## Action item
Reproduce, from the line containing "گروه آموزشی ایران" to the last line of the material, every line exactly.

## Source material
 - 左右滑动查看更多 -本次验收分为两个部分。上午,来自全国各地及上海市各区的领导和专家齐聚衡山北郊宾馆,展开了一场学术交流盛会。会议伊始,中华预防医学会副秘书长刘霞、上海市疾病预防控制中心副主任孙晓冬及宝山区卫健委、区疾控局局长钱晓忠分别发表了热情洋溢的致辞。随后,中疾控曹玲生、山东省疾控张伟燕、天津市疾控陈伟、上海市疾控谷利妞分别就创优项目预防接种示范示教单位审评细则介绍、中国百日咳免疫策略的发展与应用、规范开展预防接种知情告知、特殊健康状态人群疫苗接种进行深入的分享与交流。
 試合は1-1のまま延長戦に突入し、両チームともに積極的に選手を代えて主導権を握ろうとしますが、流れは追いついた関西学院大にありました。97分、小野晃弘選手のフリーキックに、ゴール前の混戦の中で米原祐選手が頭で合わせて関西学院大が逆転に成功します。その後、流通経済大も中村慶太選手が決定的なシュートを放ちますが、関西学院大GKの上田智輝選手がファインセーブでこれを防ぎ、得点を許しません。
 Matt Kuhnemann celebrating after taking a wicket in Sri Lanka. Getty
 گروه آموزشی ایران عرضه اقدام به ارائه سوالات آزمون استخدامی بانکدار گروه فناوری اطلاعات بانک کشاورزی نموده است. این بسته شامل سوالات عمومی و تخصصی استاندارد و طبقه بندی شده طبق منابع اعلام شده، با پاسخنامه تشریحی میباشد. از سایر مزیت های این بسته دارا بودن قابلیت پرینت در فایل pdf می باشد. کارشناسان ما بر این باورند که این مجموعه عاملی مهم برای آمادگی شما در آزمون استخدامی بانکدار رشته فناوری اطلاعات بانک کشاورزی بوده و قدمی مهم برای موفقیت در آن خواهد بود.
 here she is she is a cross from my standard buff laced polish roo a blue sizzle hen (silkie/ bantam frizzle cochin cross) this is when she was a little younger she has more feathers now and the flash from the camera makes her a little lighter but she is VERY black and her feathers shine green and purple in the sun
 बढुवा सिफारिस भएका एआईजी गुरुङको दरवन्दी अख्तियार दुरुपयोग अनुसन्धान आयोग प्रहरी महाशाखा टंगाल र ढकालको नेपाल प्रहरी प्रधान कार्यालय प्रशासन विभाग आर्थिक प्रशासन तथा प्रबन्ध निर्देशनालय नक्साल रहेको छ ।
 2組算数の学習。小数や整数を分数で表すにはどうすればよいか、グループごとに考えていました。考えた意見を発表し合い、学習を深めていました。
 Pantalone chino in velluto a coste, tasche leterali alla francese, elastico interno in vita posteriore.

## Result for this task
 گروه آموزشی ایران عرضه اقدام به ارائه سوالات آزمون استخدامی بانکدار گروه فناوری اطلاعات بانک کشاورزی نموده است. این بسته شامل سوالات عمومی و تخصصی استاندارد و طبقه بندی شده طبق منابع اعلام شده، با پاسخنامه تشریحی میباشد. از سایر مزیت های این بسته دارا بودن قابلیت پرینت در فایل pdf می باشد. کارشناسان ما بر این باورند که این مجموعه عاملی مهم برای آمادگی شما در آزمون استخدامی بانکدار رشته فناوری اطلاعات بانک کشاورزی بوده و قدمی مهم برای موفقیت در آن خواهد بود.
 here she is she is a cross from my standard buff laced polish roo a blue sizzle hen (silkie/ bantam frizzle cochin cross) this is when she was a little younger she has more feathers now and the flash from the camera makes her a little lighter but she is VERY black and her feathers shine green and purple in the sun
 बढुवा सिफारिस भएका एआईजी गुरुङको दरवन्दी अख्तियार दुरुपयोग अनुसन्धान आयोग प्रहरी महाशाखा टंगाल र ढकालको नेपाल प्रहरी प्रधान कार्यालय प्रशासन विभाग आर्थिक प्रशासन तथा प्रबन्ध निर्देशनालय नक्साल रहेको छ ।
 2組算数の学習。小数や整数を分数で表すにはどうすればよいか、グループごとに考えていました。考えた意見を発表し合い、学習を深めていました。
 Pantalone chino in velluto a coste, tasche leterali alla francese, elastico interno in vita posteriore.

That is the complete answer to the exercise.